Let me tell you how this actually happened. We were sitting there with our beautiful MoQ implementation, 200ms latency, feeling pretty good about ourselves. Then someone opened Safari. Nothing. Blank screen. "No problem," we thought , "we'll just use WebSocket as a fallback." How hard could it be?
Turns out, very hard. WebSocket has no flow control. None. Zero. If you send video faster than the client can consume it (which always happens), WebSocket just keeps buffering. And buffering. Until Chrome eats 8GB of RAM and the tab crashes. We tried everything - manual buffering, frame dropping, prayer. Nothing worked reliably.
Then we found RTWebSocket. The developer at zenomt had already had the same crazy idea: what if they just... implemented RTMP over WebSocket? RTMP already solved these problems 20 years ago. It has flow control through acknowledgments. It has chunking to handle large frames. It has message prioritization so keyframes get through when the network is congested. Why reinvent the wheel when Adobe already built a perfectly good one?
So that's what RTWebSocket is - RTMP's transport layer concepts rebuilt in JavaScript for the modern web with both JavaScript (rtws.js) and Python (rtws.py) implementations. Each video stream gets its own flow with sequence numbers, acknowledgments, and receive window management. When buffers fill up, old frames can be explicitly abandoned. When networks congest , keyframes get prioritized. It's everything WebSocket should have been for streaming, implemented in about 2000 lines of elegant JavaScript.
| Metric | WebSocket Streaming | Traditional HLS | Our MoQ Implementation |
|---|---|---|---|
| End-to-End Latency | 1-2 seconds | 10-30 seconds | 200-300ms |
| Startup Time | <1 second | 3-5 seconds | <500ms |
| Browser Support | 100% (with fallback) | 100% | Chrome/Edge only |
| Network Resilience | Good (TCP) | Excellent | Moderate (UDP) |
| Implementation Complexity | Moderate | Low | High |
The simple answer: Safari. The longer answer: after building our beautiful MoQ implementation with sub-300ms latency, we realized we'd built something that only worked for about half our potential users. Chrome and Edge users got the full experience, but Safari users (including everyone on iOS) got nothing. WebTransport simply doesn't exist in Safari's world, and who knows when it will.

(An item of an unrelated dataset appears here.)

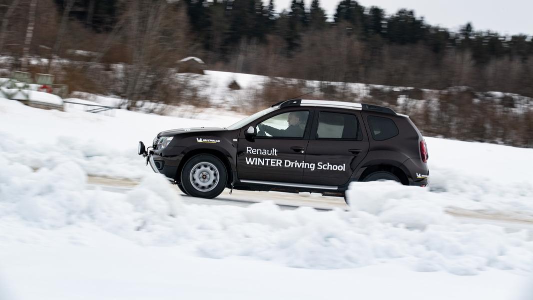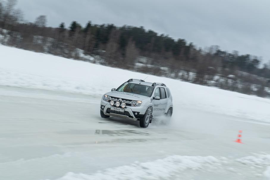 Новичку все это будет полезно и интересно, мне же было скучно, пока нас не посадили в Duster, обутый в тренировочные шипы. Я с удовольствием намотал почти тридцать кругов по полуторакилометровой трассе, показал лучшее время среди коллег и в очередной раз убедился, что чем проще машина, тем легче и приятнее на ней ехать.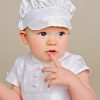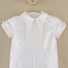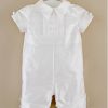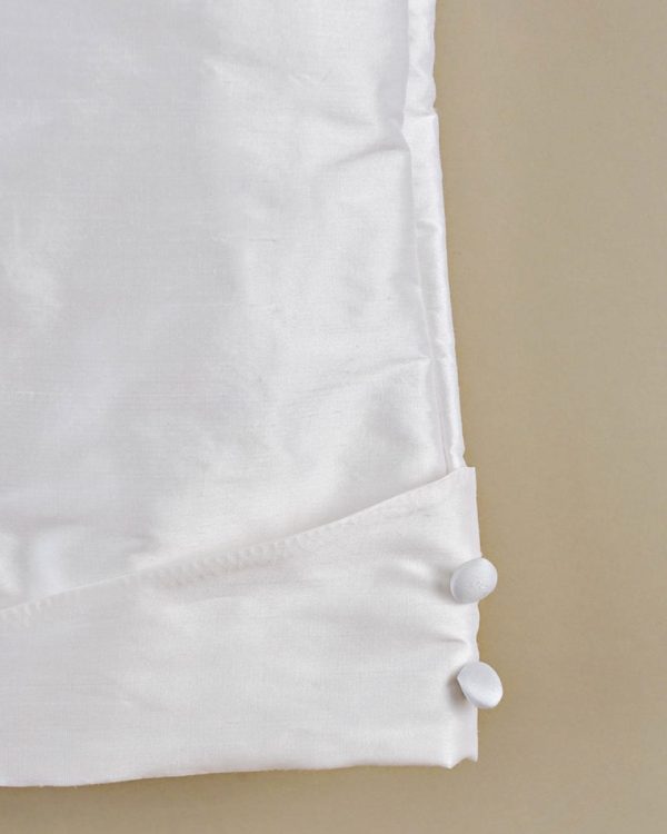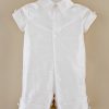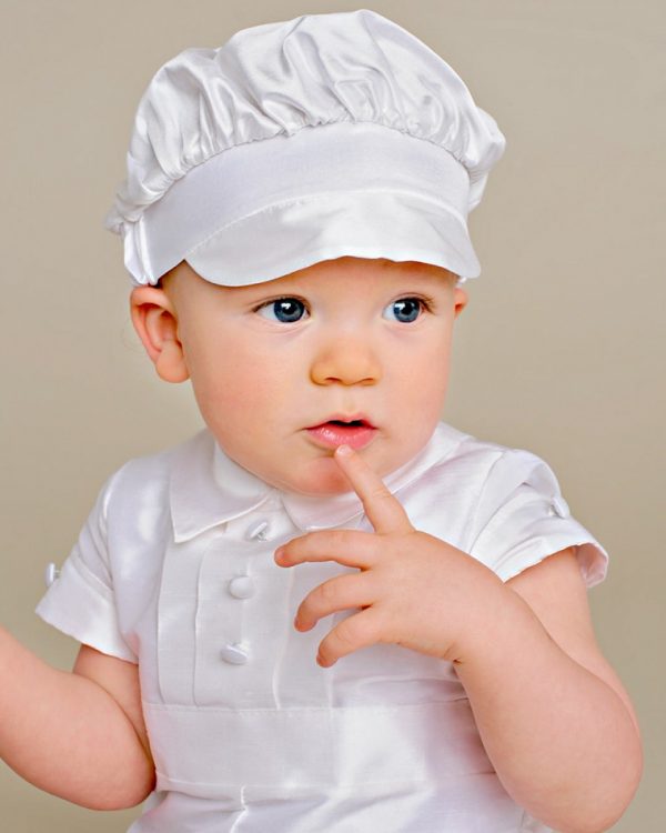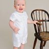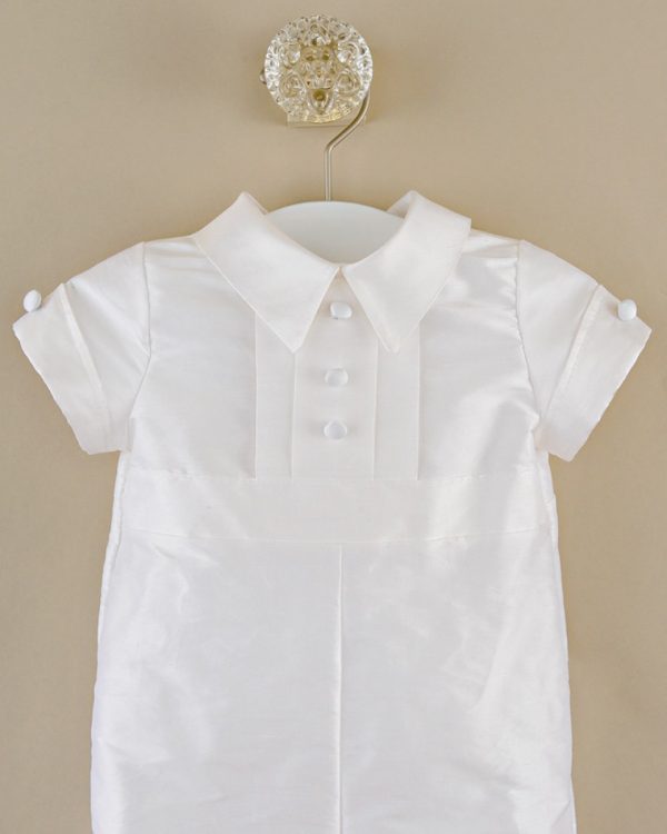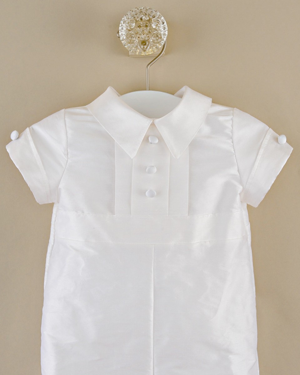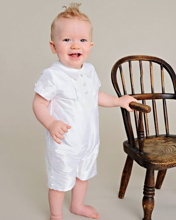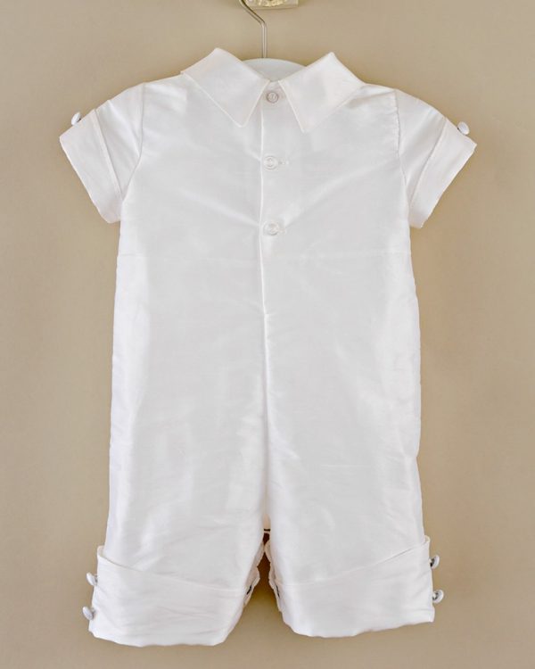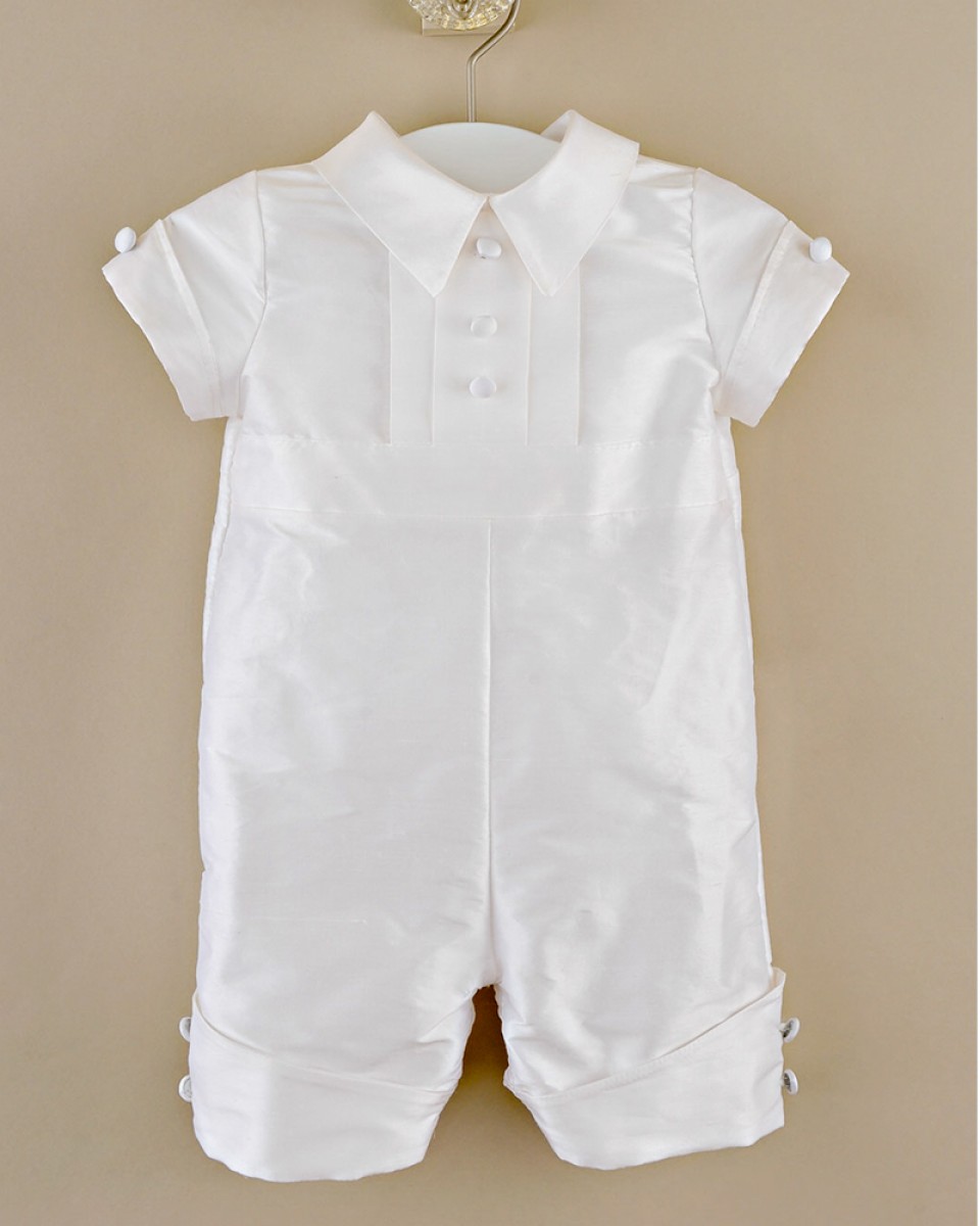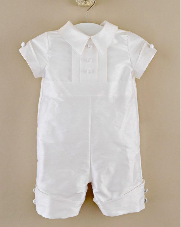 A dignified romper made from luxurious dupioni silk. This heirloom outfit features stately cuffs, pleats and covered button details. Perfect for your little gentleman’s Summer event!

WebSocket was the obvious fallback choice. It works everywhere, uses standard ports that firewalls don't hate, and doesn't require the complexity of WebRTC's STUN/TURN dance. The challenge was making it actually good for streaming. Raw WebSocket has no flow control, no backpressure handling, and will happily eat all your RAM if the producer is faster than the consumer (which it always is in video streaming).
So we ended up building what's essentially a streaming protocol on top of WebSocket. Is it elegant? No. Does it work? Yes. And that's the trade-off we accepted - pragmatism over perfection.
Let's talk about why RTMP was actually brilliant. Not the Flash plugin part - that was terrible. But the underlying protocol? Adobe's engineers knew what they were doing. RTMP has per-stream flow control, so audio doesn't get blocked when video buffers fill. It has explicit acknowledgments , so the server knows exactly how much data the client has received. It chunks large messages, so a 100KB keyframe doesn't block a tiny audio packet.
The zenomt/rtwebsocket implementation takes these concepts and provides them in both JavaScript and Python. RTWebSocket gives you independent flows within a single WebSocket connection. Each flow has its own sequence numbers, its own receive buffer, its own acknowledgment window. Here's what it looks like when we implement it:
// This is what makes RTWebSocket special
const rtws = new RTWebSocket('wss://stream.example.com');
// Open separate flows for video and audio
const videoFlow = rtws.openFlow({ type: 'video' }, rtws.PRI_NORMAL);
const audioFlow = rtws.openFlow({ type: 'audio' }, rtws.PRI_HIGH);
// Each flow manages its own buffering
videoFlow.rcvbuf = 65536; // 64KB receive buffer
audioFlow.rcvbuf = 8192; // 8KB for audio
// Messages arrive in order, per flow
videoFlow.onmessage = (sender, data, sequenceNumber) => {
// If we're falling behind, old messages are automatically abandoned
// No memory bloat, no manual buffer management
processVideoFrame(data);
};
// Audio keeps flowing even if video buffers fill
audioFlow.onmessage = (sender, data, sequenceNumber) => {
processAudioFrame(data);
};
See what's happening here? We're not fighting the browser's buffering. We're explicitly controlling it. When the video buffer fills (because video is always bigger and slower), audio keeps flowing. When the client falls behind, we automatically drop old frames instead of buffering forever. This is what RTMP got right, and what WebSocket never even tried to solve.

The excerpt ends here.